The CSF B cell libraries (single-cell data) were processed using Cell Ranger (v3.1.0, 10× Genomics) and aligned with human V(D)J reference (vdj_GRCh38_alts_ensembl-3.1.0-3.1.0). The libraries of PBMC samples (bulk sequencing data) were processed with Immune Profiler, modifying the external library to use the latest version of the tool mixcr-3.0.12. Only productive full-length sequences were considered for analysis. After quality filtering (excluding wrong cell types and clonotypes with no V-gene match), we focused only on paired chains. Overlapping B cell clonotypes (based on the same complementary determining region (CDR) 3 nucleotide sequence) between t1 and t2 were selected. We created new clonal groups using a hamming distance of ≤ 1 between CDR3 amino acid sequences and V and J gene identity. We selected the most expanded clones (based on the ratio t2/t1) using the percentage instead of the cell count to correct for sample size bias. Full-length sequences of the chains were extracted from the 10× data and re-analyzed using the IMGT HighVQuest online tool [15].

We looked for B cell clones based on the CDR3 nucleotide sequence (Fig. 2). In the CSF sample from t1 (1964 B cells) we found 1354 clones, and in the CSF sample from t2 (333 cells) we found 260 clones. Among the clones in these two groups, 76 (4.9% of all clones found in CSF) overlapped between t1 and t2. In the PBMCs from t1 (2476 B cells) we found 329 clones, and at t2 (1867 B cells) there were 340 clones. Among the clones in these two groups, 127 (23.4% of all clones in PBMCs) overlapped. This suggests a greater change over time (5 days) in the CSF than in PBMCs. However, it has to be taken into consideration that we applied different sequencing techniques for CSF and PBMC samples, which may represent a limitation. Moreover, upon comparing CSF and PBMCs, we found 71 overlapping clones at t1 (4.4% of all clones; 3.6% overlap of CSF B cells with peripheral B cells) and 14 overlapping clones at t2 (2.4% of clones; 4.2% overlap of CSF B cells with peripheral B cells).
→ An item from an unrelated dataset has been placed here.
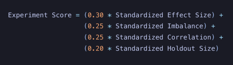Each metric is standardised to ensure they are on the same scale. The Experiment Score is then calculated using the following formula: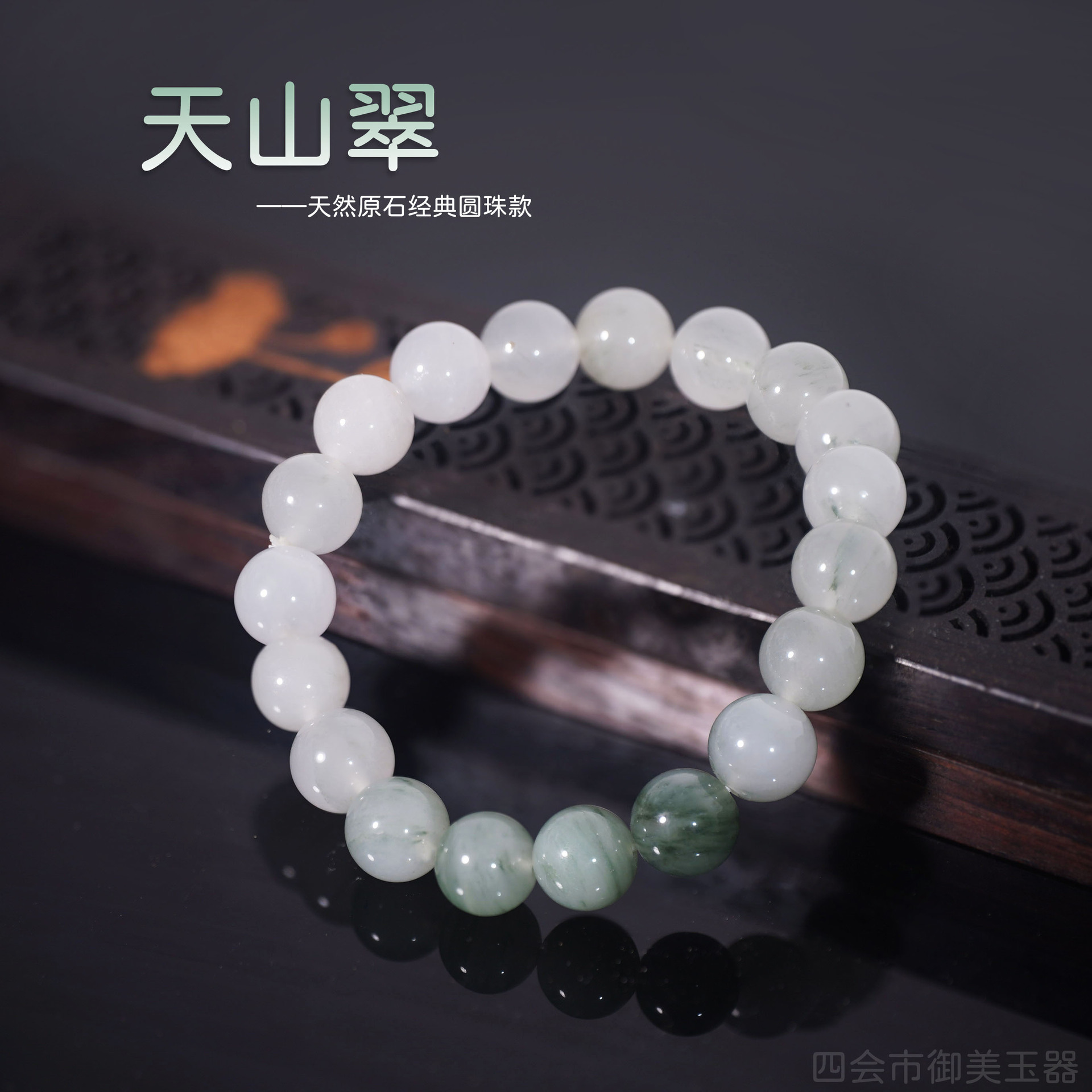 天山翠玉散珠ブレスレット男女同金14mm白玉円珠漂花手串卸売り生中継ソース

We created clonal groups using a hamming distance of ≤ 1 between CDR3 amino acid sequences. We focused on the clonal groups that showed the greatest expansion based on the ratio between t2 and t1 (Fig. 3). Since the cell counts at t1 (n = 1964 cells) and t2 (n = 333 cells) were different, we calculated the ratio as the percentage of cells in one clonal group at t2 in relation to the percentage of cells in the same clonal group at t1. We found 87 clonal groups with a ratio above 1 (i.e., expanding clonal groups) and 4 clonal groups with a ratio below 1. Expanding clonal groups of CSF B cells suggest an ongoing intrathecal B cell response between t1 and t2. The mean expansion ratio was 4.7 and the median of the expansion ratio was 5.9. Among 87 clonal groups with expansion ratios ≥ 1, we found 16 that overlapped with the BCR repertoire of PBMCs. The CDR3 amino acid sequences of a selection of interesting clonal groups are shown in Table 1, including information about isotype and V(D)J gene usage. This selection includes the six clones with the highest expansion ratio (11.8), two clones (nos. 6 and 8) with a high expansion ratio that were present in a high amount of B cells, and two clones (nos. 141 and 53) that were also a dominant presence in B cells but had lower expansion ratios. This table also shows two clones (nos. 14 and 25) with high expansion ratios that overlapped with PBMCs, and clone no. 2, which was present in a high percentage of the cells at both t1 and t2, but presented a limited expansion ratio. Supplementary Table 1 provides the full nucleotide sequences of CDR3 for all the clones/clonal groups with expansion ratios ≥ 1.